3. The method of claim 1, wherein uploading the second data to the cloud server using a blockchain encryption communication technique comprises:

establishing connection between target equipment and an Ethernet Geth node, wherein the target equipment is equipment for generating the second data;

acquiring equipment information of the target equipment;

sending the equipment information to the Geth node, triggering the intelligent contract of the Geth node, and performing node consensus authentication of the equipment information;

Transmitting the second data to the Geth node if the device information authentication is passed;

the Geth node uploads the second data to the cloud server.

4. The method of claim 1, further comprising, after outputting the operational state of the target power system:

Judging whether the running state of the target power system is normal or not;

and under the condition that the running state of the target power system is abnormal, carrying out alarm prompt.

5. A monitoring device for an electrical power system, comprising:

The system comprises an acquisition module, a storage module and a control module, wherein the acquisition module is used for acquiring a plurality of groups of power system data, the plurality of groups of power system data are data generated by a target power system, and the power system data comprise at least one of the following: sensor data and electricity-retaining terminal equipment data;

The uploading module is used for uploading the multiple groups of power system data to the cloud server in real time;

the output module is used for inputting the multiple groups of power data into a power system monitoring model and outputting the running state of the target power system, wherein the power system monitoring model is a neural network model obtained by deep learning based on multiple groups of sample data of the target power system;

The uploading module is further configured to deploy an edge processor on a data acquisition side of the target power system, where the edge processor is configured to perform edge calculation; preprocessing the plurality of sets of power system data using the edge processor; uploading the preprocessed multiple groups of power system data to the cloud server in real time;

The uploading module is further used for dividing the multiple groups of power system data into first data, second data and third data according to the type of equipment for generating the multiple groups of power system data; adopting URLLC service in a 5G communication technology to upload the first data to the cloud server in real time; uploading the second data to the cloud server by adopting a blockchain encryption communication technology; and uploading the third data to the cloud server by adopting an HPLC electronic carrier communication technology.

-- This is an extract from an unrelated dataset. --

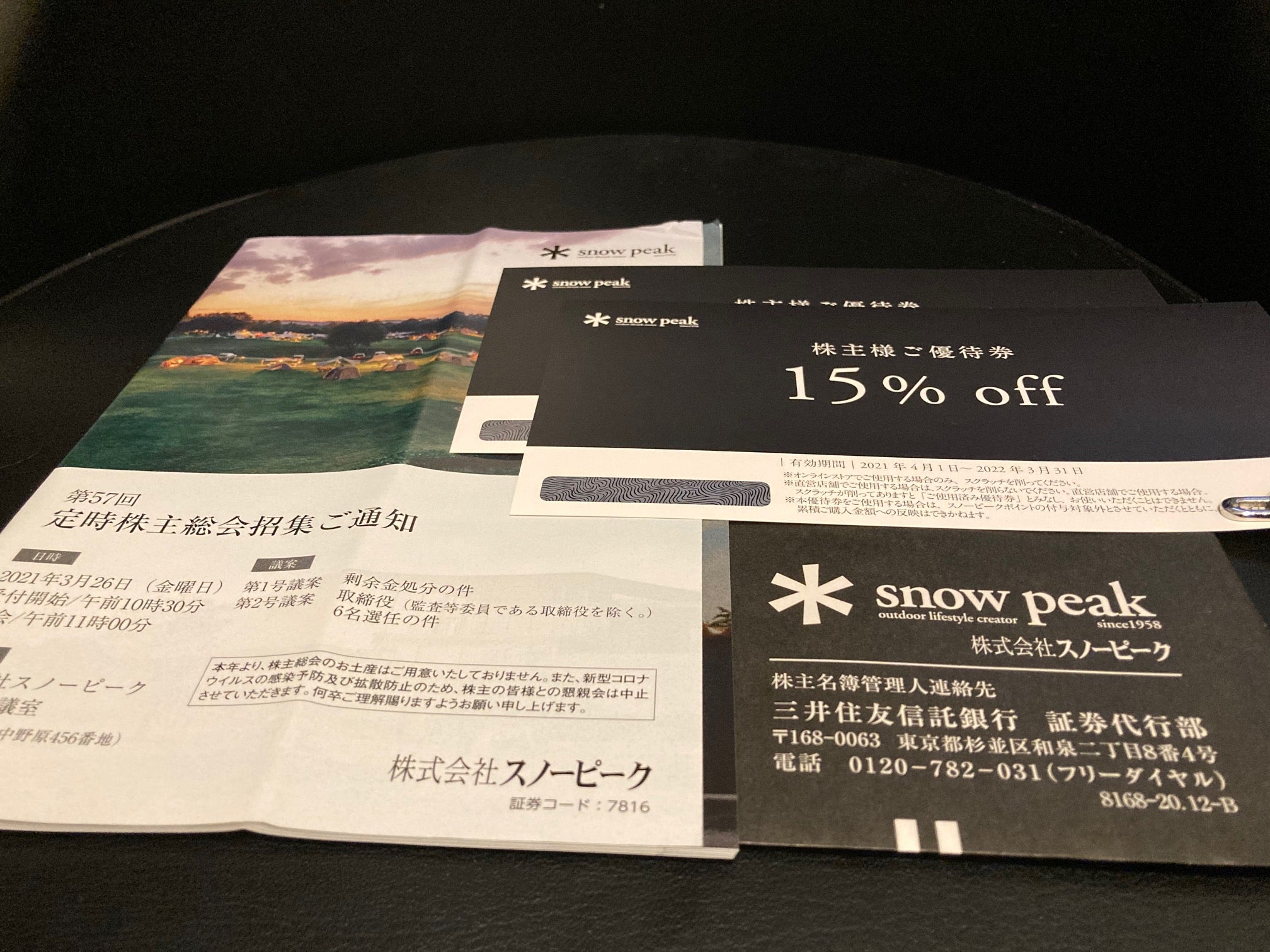 スノーピークは株主優待制度を実施しており、12月末現在1年以上保有を継続する単元株主に対して、当社製品の購入割引券(15%割引)を1枚進呈しています。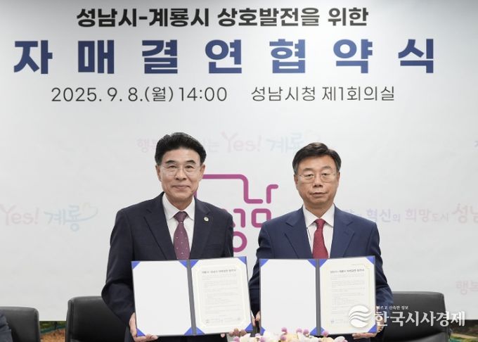한국시사경제 경기취재본부 | 성남시는 9월 8일 충청남도 계룡시와 우호·교류 증진과 동반 성장을 위한 자매결연 협약을 체결했다.

6. A monitoring system for an electrical power system, comprising: the system comprises a data acquisition device, an edge calculation device, a data transmission device and a cloud server, wherein,

The data acquisition device is used for acquiring a plurality of groups of power system data, wherein the plurality of groups of power system data are data generated by a target power system, and the power system data comprise at least one of the following: sensor data and electricity-retaining terminal equipment data;

The data transmission device is used for uploading the multiple groups of power system data to the cloud server in real time by adopting URLLC service in a 5G communication technology;

The cloud server is used for inputting the multiple groups of power data into a power system monitoring model and outputting the running state of the target power system, wherein the power system monitoring model is a neural network model obtained by deep learning based on multiple groups of sample data of the target power system.

7. A computer readable storage medium, characterized in that the computer readable storage medium comprises a stored program, wherein the program when run controls a device in which the computer readable storage medium is located to perform the power system monitoring method according to any one of claims 1 to 5.

8. A processor for running a program, wherein the program when run performs the power system monitoring method of any one of claims 1 to 5.